When the Colonial Pipeline cybersecurity hack occurred on May 7th of last year, President Biden directed a whole of government response.  Under the leadership of Secretary Buttigieg, DOT-agencies acted quickly to facilitate the transport of fuel to affected regions.

PHMSA engaged around the clock, monitored the safety of the pipeline, and worked with the pipeline company to ensure a safe restart.  As a result of the close collaboration with PHMSA, within days, the pipeline was able to move nearly a million barrels of fuel on a manual basis. 

This was a quintessential example of how IT issues can directly affect OT issues. As many of you know, a manual restart of a pipeline system is no easy task—and requires careful planning and execution.  To this end, it is the responsibility of operators to ensure their integrity management and emergency response planning accounts for cyber attack contingencies—including where applicable, manual restarts. This bears repeating.
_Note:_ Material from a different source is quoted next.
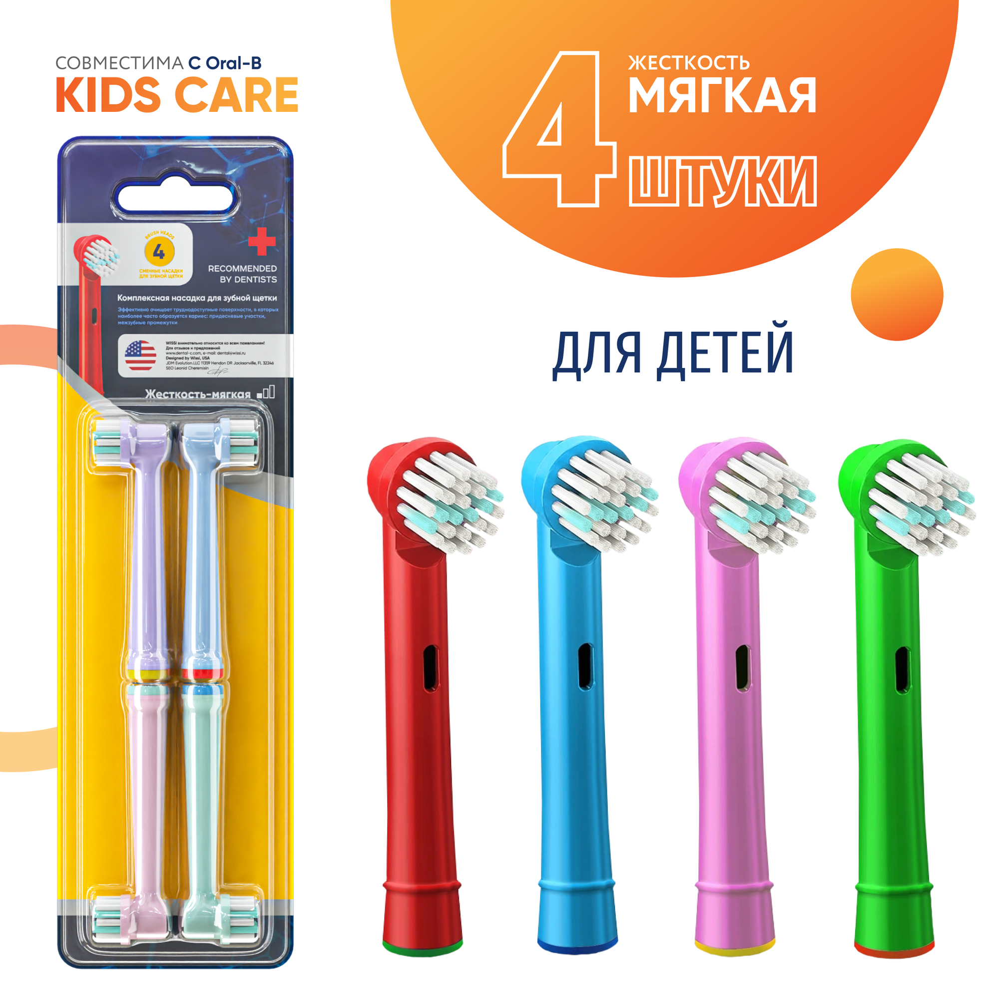 Купить Насадки KIDS CARE для детской электрической зубной щетки, совместимы с Oral-B Braun 4 шт

And we know, if you are failing to plan, you are indeed planning to fail.

Whether it is a cyberattack, a pipeline failure, or an act of God, these incidents spotlight the importance of trusted and timely information-sharing between pipeline operators and government entities like PHMSA.  

Years before the Colonial Pipeline cyberattack, PHMSA inspectors began incorporating elements of security awareness in concert with control room inspections, introducing a series of voluntary discussion points with operators to raise their awareness of internal or external threats.  When we started these discussions in 2019, 50 percent of operators declined to engage in the cyber discussions with us.  After the 2021 cyberattack, no operator has declined our invitations to discuss cyber-related issues. So it’s fair to say that communication has improved in the last year. But it shouldn’t take an incident like this to have constructive dialogue. Rather, we need to continue to build on this improved communication and constantly be thinking about ways to improve cooperation and collaboration. 

On our end, as I noted earlier, PHMSA and the DOT have worked to improve communications across agencies. PHMSA provided feedback during development of- and participated in-a TSA Surface Cybersecurity Tabletop Exercise earlier this year.  The exercise assessed the ability and readiness of industry and government to communicate and coordinate with each other in response to an escalating cyber threat environment involving Nation-State threats.  The exercise identified key strengths, key areas for improvement, and updates in procedures, and assessed the coordination between industry and Federal agencies. 

Beginning in 2022, and with respect to lessons learned during the Colonial Pipeline cyber attack, PHMSA is also exercising its authorities to inspect and enforce components of pipeline operations that have a direct nexus to cyber security and that build on TSA’s directives and ensure pipeline operations are as insulated as possible from cybersecurity threats.

From meetings with leaders across the industry, it is apparent that many entities understand the risk that cyber threats pose to pipelines.  But for many, translating that understanding into robust internal measures is an ongoing challenge; particularly, when threats are evolving by the day, week, or month. 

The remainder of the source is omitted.